**EXERCISE**.
Only the pictures are to be left out; return the rest of the data exactly as it stands.

**DATA**.
────
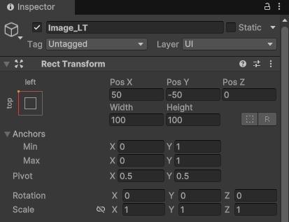 Anchors - 캔버스의 어느 부분을 기점으로 UI가 그려질 것인지 정하는 것 이다.
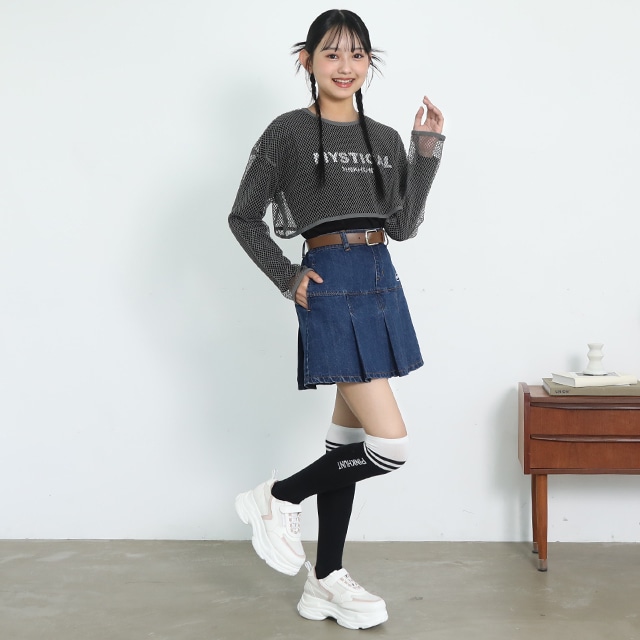 PINKHUNT ベルト付き切替プリーツスカート 0787K
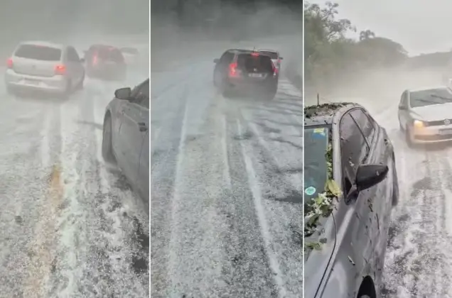 Motoristas que trafegavam por uma estrada entre Piedade e Ibiúna, no interior paulista, precisaram interromper o trajeto devido ao acúmulo de granizo na pista. As imagens mostram a intensa queda de pedras de gelo e a via completamente branca, com diversos veículos parados próximo à entrada do bairro Colégio.
────
**RESPONSE BOX**.
 Anchors - 캔버스의 어느 부분을 기점으로 UI가 그려질 것인지 정하는 것 이다.
 PINKHUNT ベルト付き切替プリーツスカート 0787K
 Motoristas que trafegavam por uma estrada entre Piedade e Ibiúna, no interior paulista, precisaram interromper o trajeto devido ao acúmulo de granizo na pista. As imagens mostram a intensa queda de pedras de gelo e a via completamente branca, com diversos veículos parados próximo à entrada do bairro Colégio.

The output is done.